Research design refers to the overall strategy that you choose in order to integrate the different
components of the study in a coherent and logical way, thereby ensuring you will effectively address
the research problem. Furthermore, a research design constitutes the blueprint for the selection,
measurement and analysis of data. The research problem determines the research design you
should use.
Quantitative methods emphasize objective measurements and the statistical, mathematical, or
numerical analysis of data collected through polls, questionnaires, and surveys, or by manipulating
pre-existing statistical data using computational techniques.
Quantitative research designs are generally classified experimental and non-experimental as the
following matrix shows:

Experimental research design allows the researcher to control the situation.
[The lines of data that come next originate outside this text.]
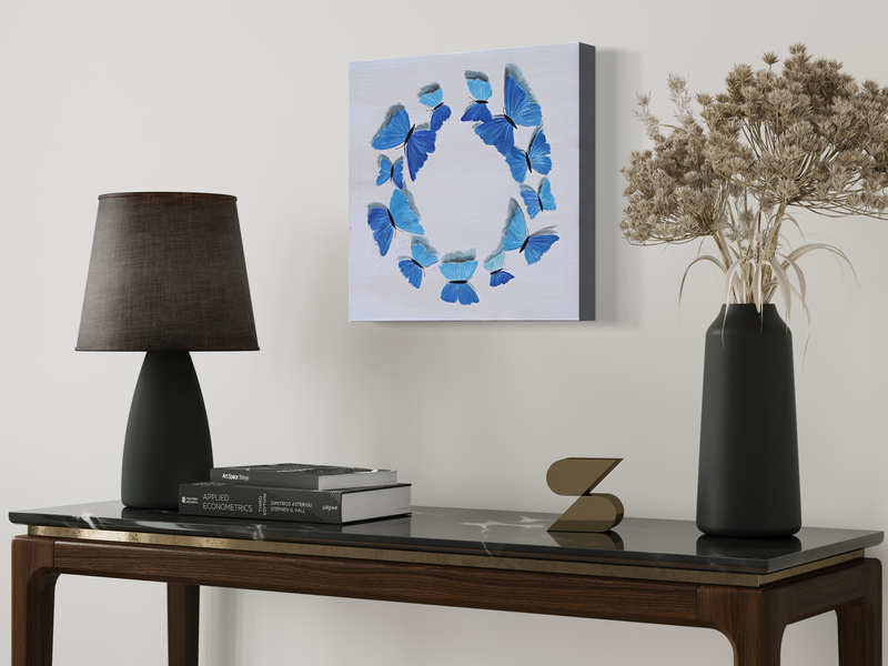 Med den här tavlan har konstnären låtit sig inspireras utav härliga blåa fjärilar. Att använda sig utav djur och blommor när man målar har alltid varit populärt både hos konstnärer och konstälskare. En blomma eller ett djur som motiv i en akrylmålning eller oljemålning kan man lätt göra färgglad och lekfull utan att det blir onaturligt. Ett landskap, hav, marinamiljöer eller segelbåtar kan också verka förtrollande och väcka känslor hos betraktaren. Konst är ett enkelt sätt att få fantasin att leka medan man egentligen bara kanske står och tittar djupt in i en tavla. Även en hund, katt, häst eller fåglar är härligt motiv för tavlor och vilda djur som lejon, elefant och noshörningar tycker många är fascinerande som konst på väggen.
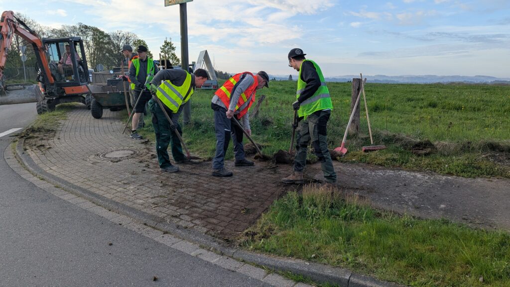 Ein besonderes Dankeschön gilt Polizeibeamter Frank Burkert, der die Helferinnen und Helfer am Kreisverkehr Habenichts absicherte und den Verkehr leitete — ohne ihn wären die Arbeiten dort so nicht möglich gewesen.
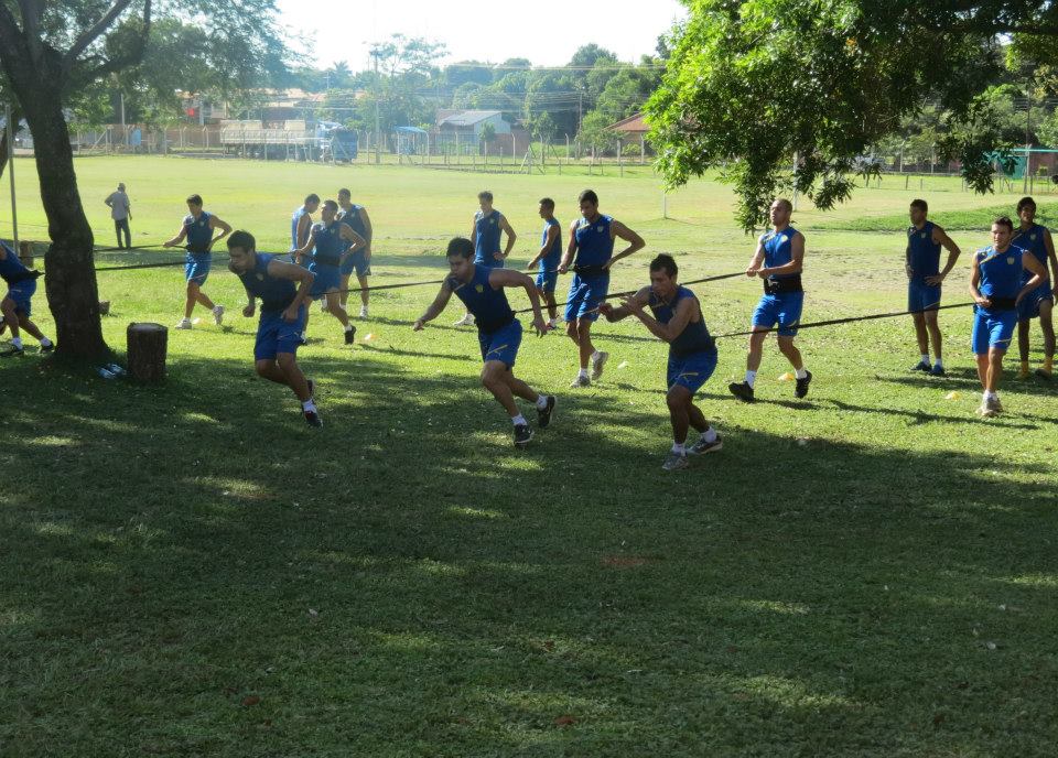 En esta oportunidad, los futbolistas del auriazul comenzaron con un calentamiento previo. Luego continuaron con trabajo de fuerza con gomas y subidas a velocidad, a cargo del preparador físico Joel Solalinde.
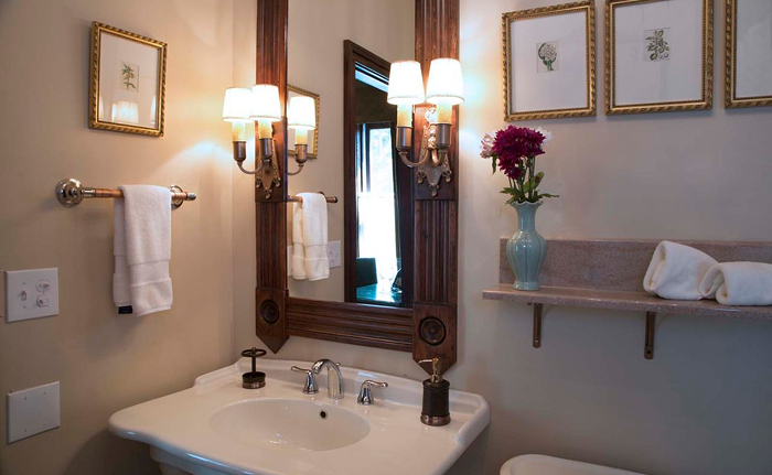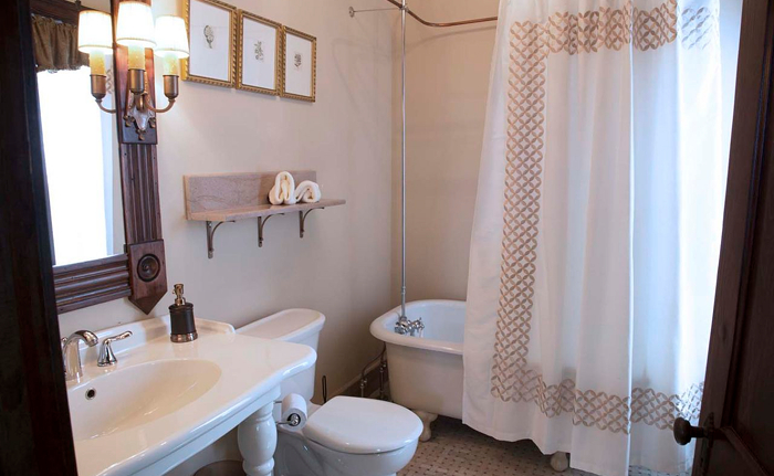 Our guests will be in for a delightful surprise as they step onto heated bathroom tile floor in the attached private bathroom.� Bathroom fixtures in this bathroom include a large pedestal sink and a clawfoot bathtub/shower.�
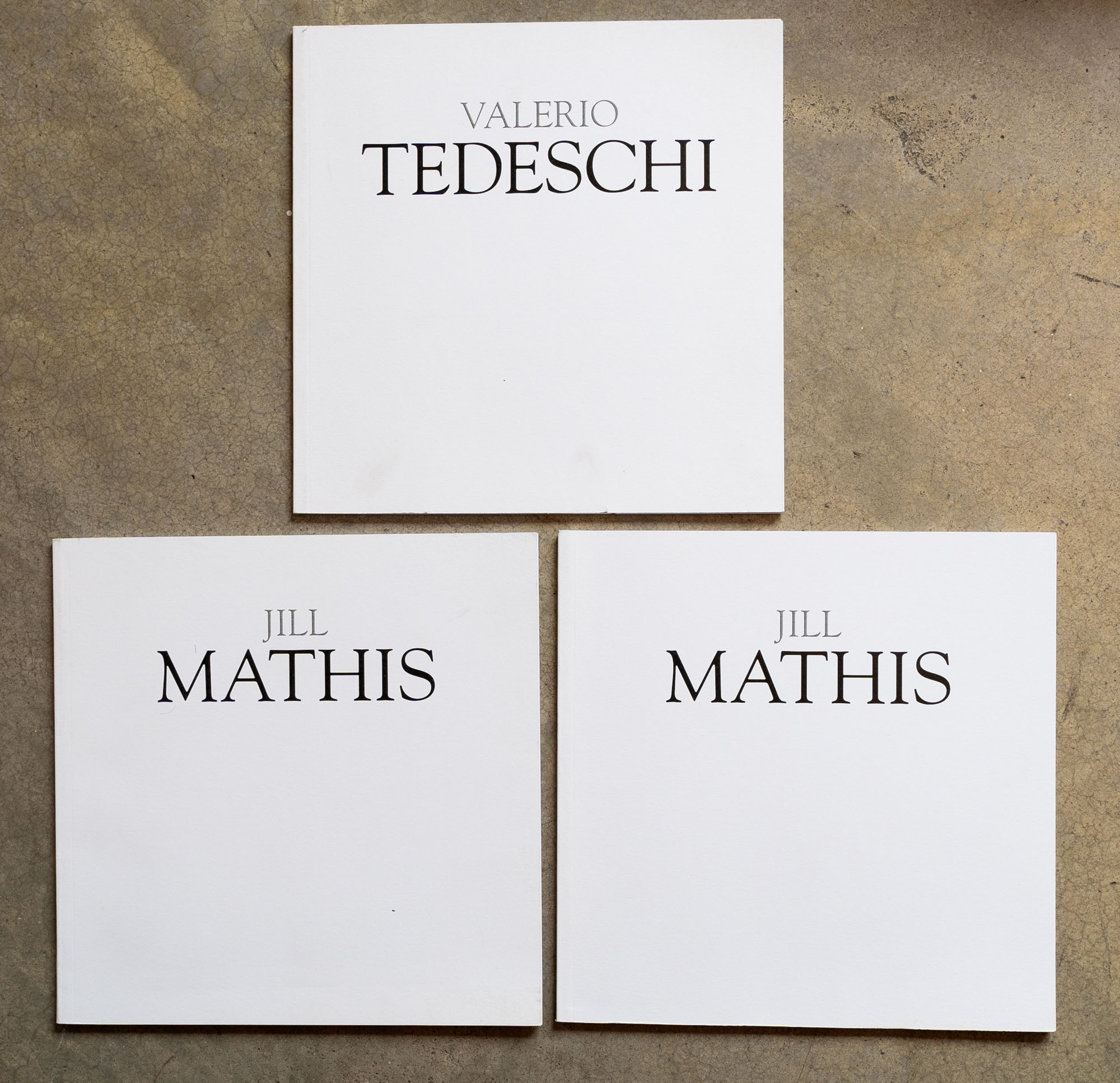 LOTTO MULTIPLOLotto di tre cataloghi2016Cataloghi monografici illustrati editi in occasione delle mostre di Jill Mathis e Valerio Tedeschi tenutesi presso Palazzo Parasi, Cannobio (21 maggio - 3 luglio 2016)21 x 21 cmEdizione della galleriaSenza numero di pagineDifetti
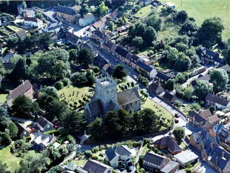 An Aerial view of the church and the high street.
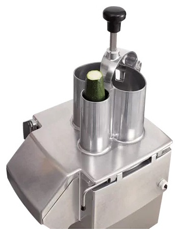 Овощерезка Robot Coupe CL50 Ultra Pizza используется на предприятиях общественного питания и торговли для нарезки овощей, фруктов, грибов, твердого сыра и колбас и дальнейшего использования их в качестве ингредиентов для приготовления супов, салатов, гарниров и пр. Модель оснащена 2 загрузочными отверстиями: большой D-образной воронкой для нарезки объёмных овощей (вмещает до 10 помидоров) и круглой - для длинных и нежных. В комплект поставки входит мини-чаша, полукруглая воронка 2,2 л, цилиндрическая воронка Ø 58 мм и Ø 39 мм, толкатель Exactitube, аксессуар для безопасной и бережной очистки решеток D-Clean Kit и три диска: Особенности:
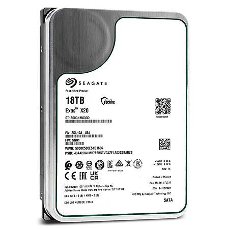 18TB Seagate Exos X20 3.5" 7.2K RPM SATA Hard Drive (Recertified Drive)
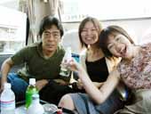 帰りにみんなでゲームセンター。菊っつぁんが狙ってた殿様犬が取れて大喜び。よかったねー。めちゃくちゃカワイイ。みんなで恒例のプリクラも撮れたしねー。帰りの電車は超すごいオイニィを発してる男性が側にいて、目にしみた。菊っつぁんともがき苦しみながらの帰り道でした。夏は要注意!!
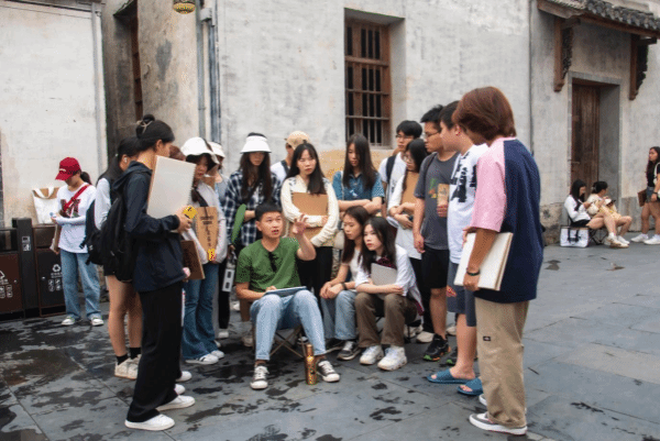 参加本次教学活动的师生一行抵达安徽西递村后,带队教师农家向同学们讲授了写生第一课,指出此次实训活动是提高同学们绘画素养,结合专业方向掌握描摹村落与建筑形态方式方法的高阶美术创作课程,中华传统文化源远流长、博大精深,同学们通过本次写生实践课程,要将传统文化研习和践行社会主义核心价值观相结合,进一步提升对中华优秀传统文化的认知水平。
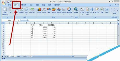 在excel工作表上方的菜单中,点击”插入“,如下图。

In so doing. it allows
the researcher lo answer the question, "What causes something to occur?" This kind of research also
allows the researcher to identify cause and effect relationships between variables and lo distinguish
placebo effects from treatment effects. Further, this research design supports the ability to limit
alternative explanations and to infer direct causal relationships in the study; the approach provides
the highest level of evidence for single studies.
Pre-experimental types of research apply to experimental designs with the least internal validity.
One type of pre-experiment, the single group, pre-test-post-test design. measures the group two
times, before and after the intervention.
Instead of comparing the pretest with the posttest within one group, the posttest of the treated
groups is compared with that of an untreated group. Measuring the effect as the difference between
groups marks this as between-subjects design. Assuming both groups experienced the same time-
related influences, the comparison group feature should protect this design from the rival
explanations that threaten the within-subject design.
Two classes of experimental designs can provide better internal validity than-pre-experimental
designs: quasi-experimental and true experimental (Dooly, 1999).
In a quasi-experimental design, the researcher can collect more data, either by scheduling more
observations or finding more existing measures.
A true experimental design controls for both time-related and group-related threats. Two features
mark true experiments- two or more differently treated groups and random assignment to these
groups. These features require that the researchers have control over the experimental treatment and
the power to place subjects in groups.
True experimental design employs both treated and control groups to deal with time-related rival
explanations.
A control group reflects changes other than those due to the treatment that occur during the time
of the study. Such changes include effects of outside events, maturation by the subjects, changes in
measures and impact of any pre-tests.
True experimental design offers the highest internal validity of all the designs. Quasi-experimental
design differs from true experimental design by the absence of random assignment of subjects to
different conditions. What quasi-experiments have in common with true experiments is that some
subjects receive an intervention and provide data likely to reflect its impact.
Types of Quasi-Experimental Design
1. Non-equivalent control group design-refers to the chance failure of random assignment to
equalize the conditions by converting a true experiment into this kind of design, for purposes of
analysis.
2. Interrupted Time Series Design- employs multiple measures before and after the experimental
intervention. It differs from the single-group pre-experiment that has only one pretest and one
posttest. Users of this design assume that the time threats such as history or maturation appear as
regular changes in the measures prior to the intervention.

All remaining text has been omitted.